■ **Exercise data**
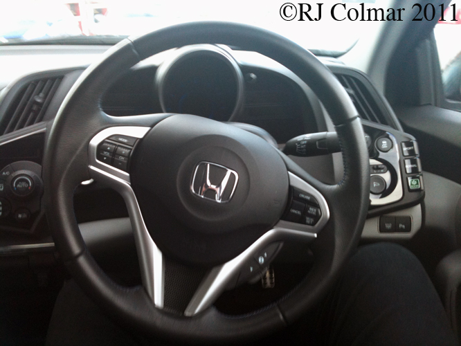 Once I had entered the CR-Z my immediate sensation was one of security as my Marblehead acquaintance Red Farmer might have observed I was sitting in a ‘cage’, a safety cage that is and that is good when compared to one city car that I have driven this year. Despite the fact that the CR-Z is a two plus dog only automobile I had no feeling of claustrophobia, in fact the exact opposite I felt as comfortable sitting in the CR-Z as I do in my Landladies German estate / station wagon.
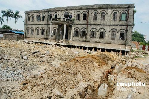 2008年7月3日,福州老洋房泛船浦教堂神父樓在上百個(gè)千斤頂?shù)闹蜗码x地1米,準(zhǔn)備整體平移。這棟老洋房由于位于建設(shè)規(guī)劃范圍內(nèi),經(jīng)過(guò)一年多準(zhǔn)備,福州市有關(guān)部門決定對(duì)泛船浦教堂神父樓實(shí)施整體平移,以利于文物保護(hù)和減少經(jīng)濟(jì)損失。這幢樓將先往東平移75.6米,再整體旋轉(zhuǎn)90度向南平移30.7米,由東西朝向變?yōu)槟媳背。該教堂建?932年秋,1933年9月落成,耗資17萬(wàn)銀元,建筑風(fēng)格屬半哥特式、半法國(guó)式。中新社發(fā) 張 斌 攝
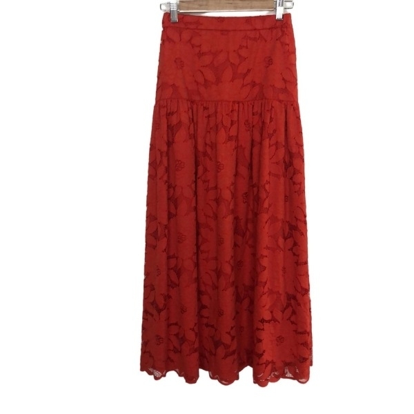グレースコンチネンタル GRACE CONTINENTAL ロングスカート サイズ36 S - レッド レディース マキシ丈/花柄/レース/ウエストゴム ボトムス

■ **To do**
The material above must be printed exactly, with its pictures left out.

■ **Completed task**
 Once I had entered the CR-Z my immediate sensation was one of security as my Marblehead acquaintance Red Farmer might have observed I was sitting in a ‘cage’, a safety cage that is and that is good when compared to one city car that I have driven this year. Despite the fact that the CR-Z is a two plus dog only automobile I had no feeling of claustrophobia, in fact the exact opposite I felt as comfortable sitting in the CR-Z as I do in my Landladies German estate / station wagon.
 2008年7月3日,福州老洋房泛船浦教堂神父樓在上百個(gè)千斤頂?shù)闹蜗码x地1米,準(zhǔn)備整體平移。這棟老洋房由于位于建設(shè)規(guī)劃范圍內(nèi),經(jīng)過(guò)一年多準(zhǔn)備,福州市有關(guān)部門決定對(duì)泛船浦教堂神父樓實(shí)施整體平移,以利于文物保護(hù)和減少經(jīng)濟(jì)損失。這幢樓將先往東平移75.6米,再整體旋轉(zhuǎn)90度向南平移30.7米,由東西朝向變?yōu)槟媳背。該教堂建?932年秋,1933年9月落成,耗資17萬(wàn)銀元,建筑風(fēng)格屬半哥特式、半法國(guó)式。中新社發(fā) 張 斌 攝
グレースコンチネンタル GRACE CONTINENTAL ロングスカート サイズ36 S - レッド レディース マキシ丈/花柄/レース/ウエストゴム ボトムス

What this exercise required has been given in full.